== Activity ==
Retype the data that follows line by line, exactly, and leave its pictures out.

Saved entries:

Segment Open

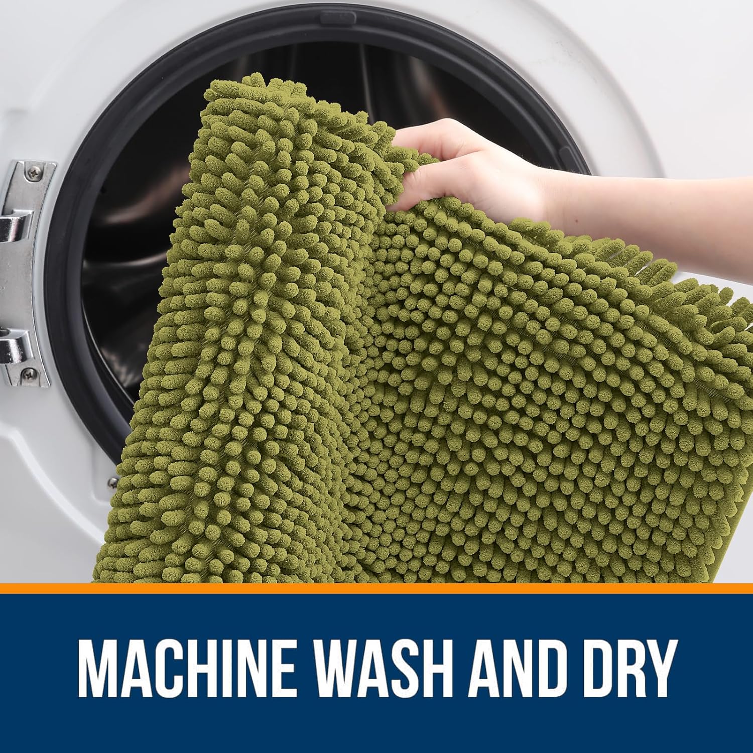 OLANLY Bathroom Rugs 30x20, Extra Soft Absorbent Chenille Bath Rugs, Rubber Backing Quick Dry, Machine Washable Bath Mats for Bathroom Floor, Tub and Shower, Home Decor Accessories, Willow Green
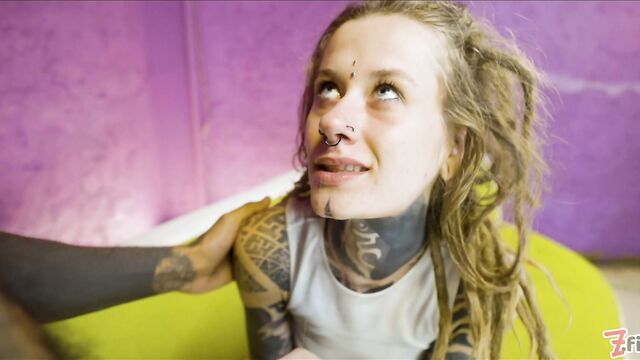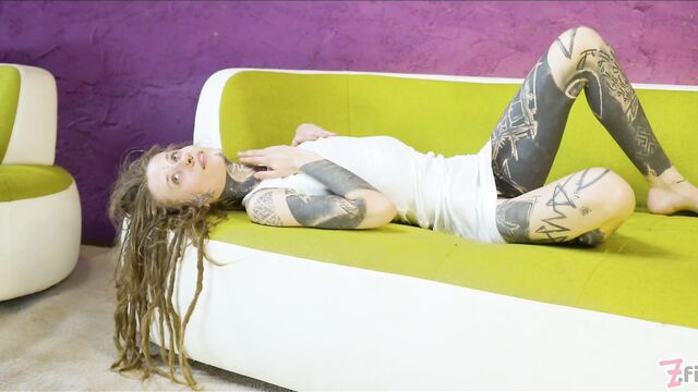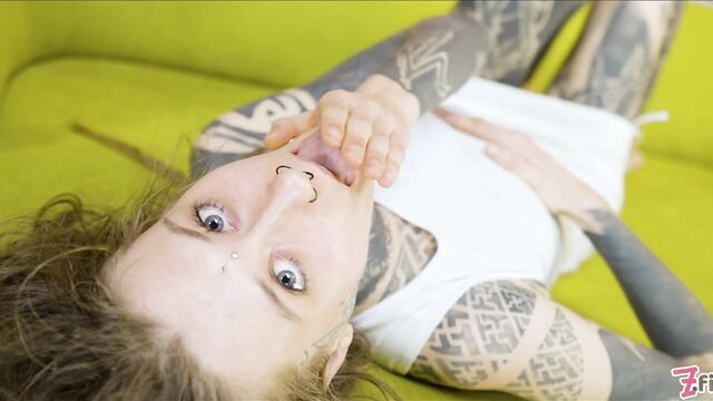 Lounging on the couch, Ceci Milkymouzz is ready to take on Papi's big long dick. She smiles as he places his cock in front of her face and Ceci enjoys licking and sucking on it so it will get really lubed up. Papi meanwhile fingers her pierced pussy and even uses her spit to get it ready to have his long ass pole plunged deep into it. But first he needs her to swallow his shaft all the way down to his balls as he holds her head in place. Then its time to lay Ceci on her back and push his member deep into her hole and unleash a pool of cum into her pussy.
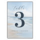 Diese Hochzeitstischkarte zeigt eine ruhige Strandszene mit sanften Wellen und einem weichen blauen Himmel, die eine friedliche und einladende Atmosphäre schafft. Das Design zeigt eine große Zahl "3" in fettem Navy-Blau, ergänzt durch elegante Kursivschrift für das Wort "Tisch", während anpassbare Platzhalter eine Personalisierung mit Namen und Daten ermöglichen. Der minimalistische Stil betont klare Linien und offenen Raum, verstärkt durch einen Wasserfarbeneffekt, der der Meereskulisse eine träumerische Qualität verleiht. Perfekt, um Ihrem besonderen Anlass einen Hauch von Raffinesse zu verleihen, fängt diese Karte die Essenz von Entspannung und Feier ein.
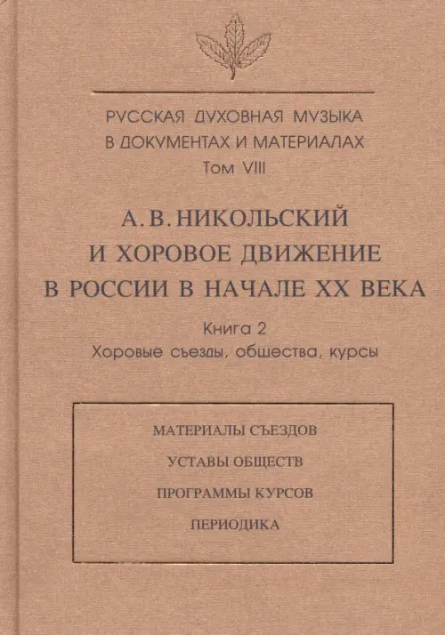 Русская духовная музыка в документах и материалах. Том VIII. А. Никольский и хоровое движение в России в начале XX века. Книга 2. Хоровые съезды, общества, курсы
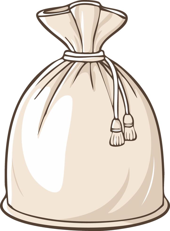 Simple illustration of a drawstring fabric bag with tassels in a clean style Pro Vector
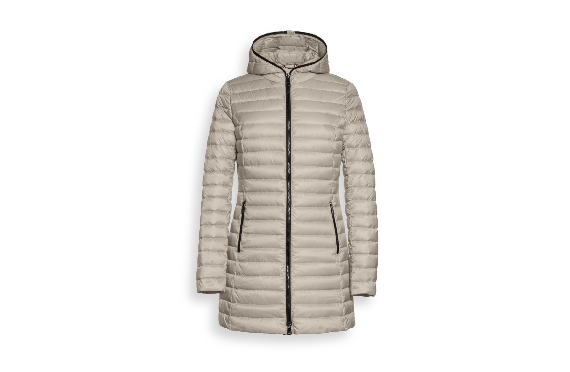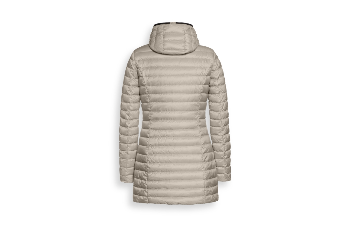 Reset jas Kyoto LR02732251. Dit halflange model is voorzien van een capuchon en heeft lange mouwen. Deze beige licht gewatteerde jas van Reset sluit door middel van een dubbele rits en beschikt over twee ritszakken. Dit model is afgewerkt met een merkembleem op de linkermouw van de drager.
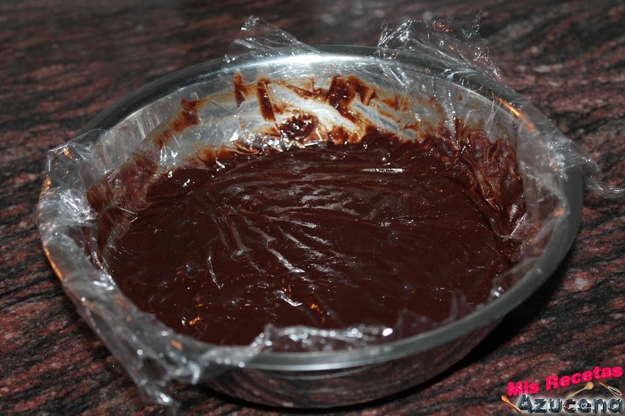Seguiremos añadiendo el brandy en el cual habremos puesto el café, volvemos a mezclar bien, ahora cogeremos film transparente y cubriremos el chocolate, justo encima de la mezcla para que no cree corteza, metemos en la nevera y dejaremos hasta que endurezca y se pueda trabajar, será un mínimo de tres horas.
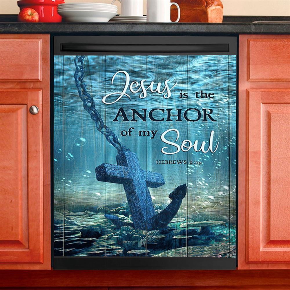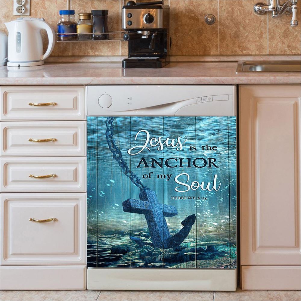 Jesus Is The Anchor Of My Soul Blue Ocean Cross Dishwasher Cover, Bible Verse Dishwasher Stickers, Inspirational Kitchen Decor
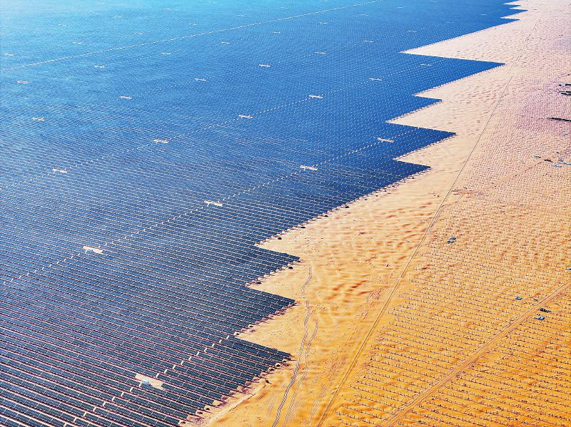 近两年来,在库布其沙漠、乌兰布和沙漠,“光伏治沙”模式被广泛运用,沙海中出现了一片片涌动着“绿能”的“蓝海”。图为6月6日拍摄的位于库布其沙漠里的鄂尔多斯市杭锦旗朔方新能源大基地(无人机照片)。 新华社记者 连振 摄
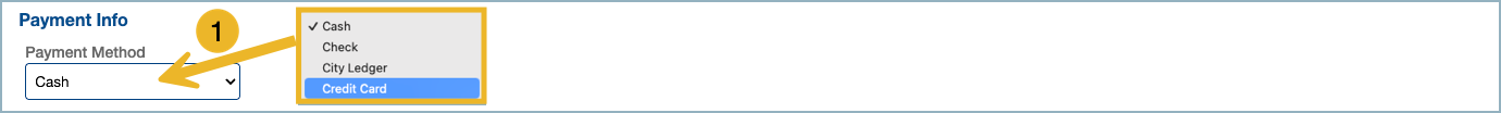 1. Select Credit Card Payment: In the reservation, go to Payment Method, select Credit Card.
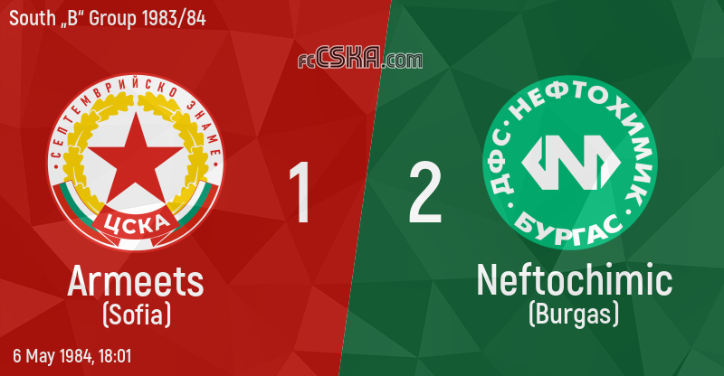 Armeets Sf lost against Neftochimic (Burgas) with result 1:2 in match from 28th round of South „B“ Group 1983/84 played on 6 May 1984 at 18:01
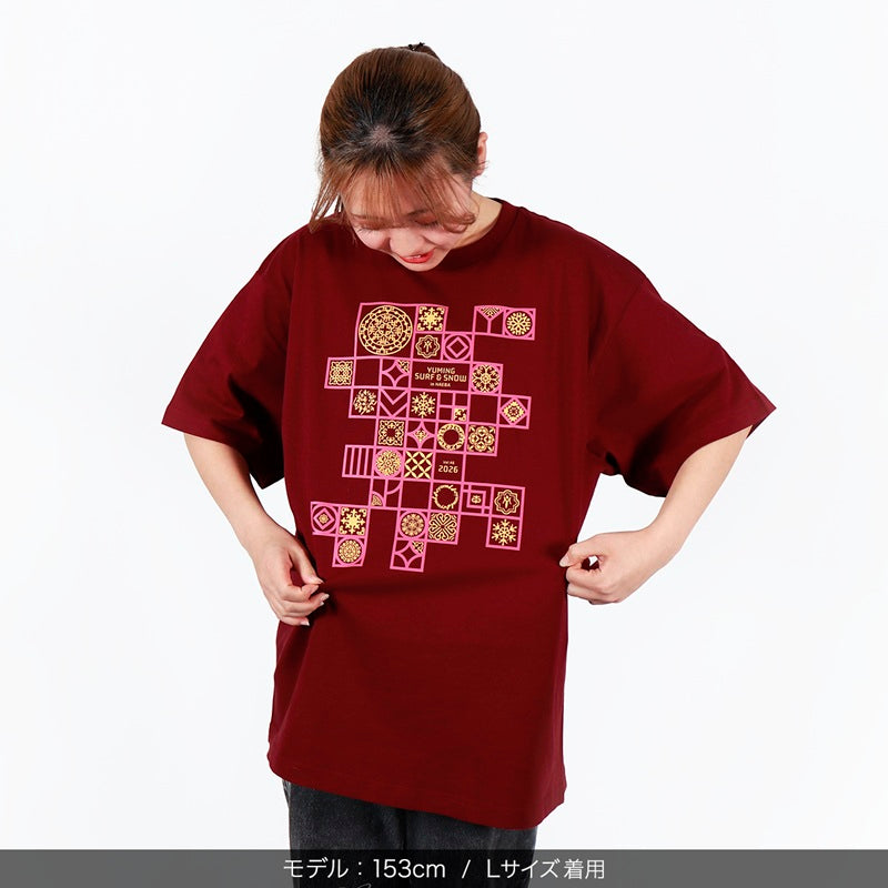 オリエンタル半袖Tシャツ<バーガンディ>
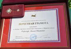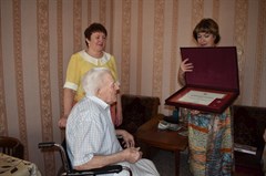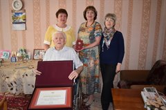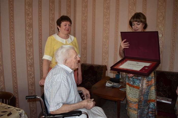 Почетную грамоту Законодательного собрания Иркутской области саянцу, участнику Великой Отечественной войны Леониду Матвеевичу Охремчуку вручила депутат Заксобрания Ольга Безродных.
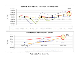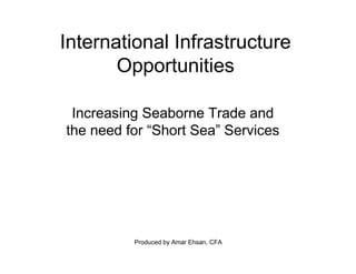 The document discusses the increasing demand for 'short sea' shipping services driven by growing international trade, particularly among BRIC nations, and highlights the need for significant upgrades in port infrastructure to accommodate larger vessels. It outlines investment opportunities in maritime infrastructure projects, emphasizing the importance of private-public partnerships and new transaction models to enhance efficiency in harbor operations. Additionally, it provides specific examples of infrastructure projects and avenues for investment in emerging markets such as Vietnam, India, and the MENA region.

Segment Closed

== Response below ==
 OLANLY Bathroom Rugs 30x20, Extra Soft Absorbent Chenille Bath Rugs, Rubber Backing Quick Dry, Machine Washable Bath Mats for Bathroom Floor, Tub and Shower, Home Decor Accessories, Willow Green
 Lounging on the couch, Ceci Milkymouzz is ready to take on Papi's big long dick. She smiles as he places his cock in front of her face and Ceci enjoys licking and sucking on it so it will get really lubed up. Papi meanwhile fingers her pierced pussy and even uses her spit to get it ready to have his long ass pole plunged deep into it. But first he needs her to swallow his shaft all the way down to his balls as he holds her head in place. Then its time to lay Ceci on her back and push his member deep into her hole and unleash a pool of cum into her pussy.
 Diese Hochzeitstischkarte zeigt eine ruhige Strandszene mit sanften Wellen und einem weichen blauen Himmel, die eine friedliche und einladende Atmosphäre schafft. Das Design zeigt eine große Zahl "3" in fettem Navy-Blau, ergänzt durch elegante Kursivschrift für das Wort "Tisch", während anpassbare Platzhalter eine Personalisierung mit Namen und Daten ermöglichen. Der minimalistische Stil betont klare Linien und offenen Raum, verstärkt durch einen Wasserfarbeneffekt, der der Meereskulisse eine träumerische Qualität verleiht. Perfekt, um Ihrem besonderen Anlass einen Hauch von Raffinesse zu verleihen, fängt diese Karte die Essenz von Entspannung und Feier ein.
 Русская духовная музыка в документах и материалах. Том VIII. А. Никольский и хоровое движение в России в начале XX века. Книга 2. Хоровые съезды, общества, курсы
 Simple illustration of a drawstring fabric bag with tassels in a clean style Pro Vector
 Reset jas Kyoto LR02732251. Dit halflange model is voorzien van een capuchon en heeft lange mouwen. Deze beige licht gewatteerde jas van Reset sluit door middel van een dubbele rits en beschikt over twee ritszakken. Dit model is afgewerkt met een merkembleem op de linkermouw van de drager.
Seguiremos añadiendo el brandy en el cual habremos puesto el café, volvemos a mezclar bien, ahora cogeremos film transparente y cubriremos el chocolate, justo encima de la mezcla para que no cree corteza, metemos en la nevera y dejaremos hasta que endurezca y se pueda trabajar, será un mínimo de tres horas.
 Jesus Is The Anchor Of My Soul Blue Ocean Cross Dishwasher Cover, Bible Verse Dishwasher Stickers, Inspirational Kitchen Decor
 近两年来,在库布其沙漠、乌兰布和沙漠,“光伏治沙”模式被广泛运用,沙海中出现了一片片涌动着“绿能”的“蓝海”。图为6月6日拍摄的位于库布其沙漠里的鄂尔多斯市杭锦旗朔方新能源大基地(无人机照片)。 新华社记者 连振 摄
 1. Select Credit Card Payment: In the reservation, go to Payment Method, select Credit Card.
 Armeets Sf lost against Neftochimic (Burgas) with result 1:2 in match from 28th round of South „B“ Group 1983/84 played on 6 May 1984 at 18:01
 オリエンタル半袖Tシャツ<バーガンディ>
 Почетную грамоту Законодательного собрания Иркутской области саянцу, участнику Великой Отечественной войны Леониду Матвеевичу Охремчуку вручила депутат Заксобрания Ольга Безродных.
 The document discusses the increasing demand for 'short sea' shipping services driven by growing international trade, particularly among BRIC nations, and highlights the need for significant upgrades in port infrastructure to accommodate larger vessels. It outlines investment opportunities in maritime infrastructure projects, emphasizing the importance of private-public partnerships and new transaction models to enhance efficiency in harbor operations. Additionally, it provides specific examples of infrastructure projects and avenues for investment in emerging markets such as Vietnam, India, and the MENA region.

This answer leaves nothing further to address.